Enthalpy of Foods
Enthalpy represents the total heat content of a food product and is essential for calculating refrigeration loads in storage, processing, and transportation applications. The enthalpy of foods varies with temperature, composition, and phase state, requiring accurate determination for proper equipment sizing and energy analysis.
Fundamental Enthalpy Relationships
The specific enthalpy of a food product is the sum of sensible and latent heat components:
h = h_ref + ∫c_p dT + L
Where:
- h = specific enthalpy (kJ/kg or Btu/lbm)
- h_ref = reference enthalpy at reference temperature
- c_p = specific heat (kJ/kg·K or Btu/lbm·°F)
- T = temperature (K or °F)
- L = latent heat of phase change (kJ/kg or Btu/lbm)

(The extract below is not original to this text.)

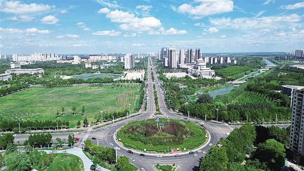 近年來,我市城市建設(shè)取得顯著成效。圖為藍(lán)天白云映襯下的周口市城鄉(xiāng)一體化示范區(qū)。 記者 梁照曾 攝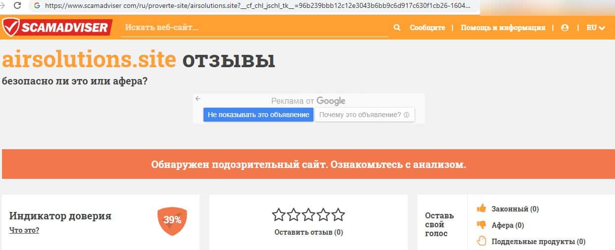 Фальшивая контора AirSolution Site по мнению уважаемого ресурса scamadviser com имеет крайне низкий рейтинг 39 %, также данный веб-портал может быть очень опасным.

For refrigeration calculations, the reference temperature is typically set at -40°C (-40°F) where h_ref = 0, or at the initial freezing point of the product.
Enthalpy Above Freezing Point
For unfrozen foods, the enthalpy calculation simplifies to sensible heat only:
h_unfrozen = c_p,unfrozen × (T - T_ref)
The specific heat of unfrozen foods can be estimated from composition:
c_p,unfrozen = 4.19x_w + 1.55x_p + 1.68x_f + 1.26x_c + 0.84x_a (kJ/kg·K)
c_p,unfrozen = 1.00x_w + 0.37x_p + 0.40x_f + 0.30x_c + 0.20x_a (Btu/lbm·°F)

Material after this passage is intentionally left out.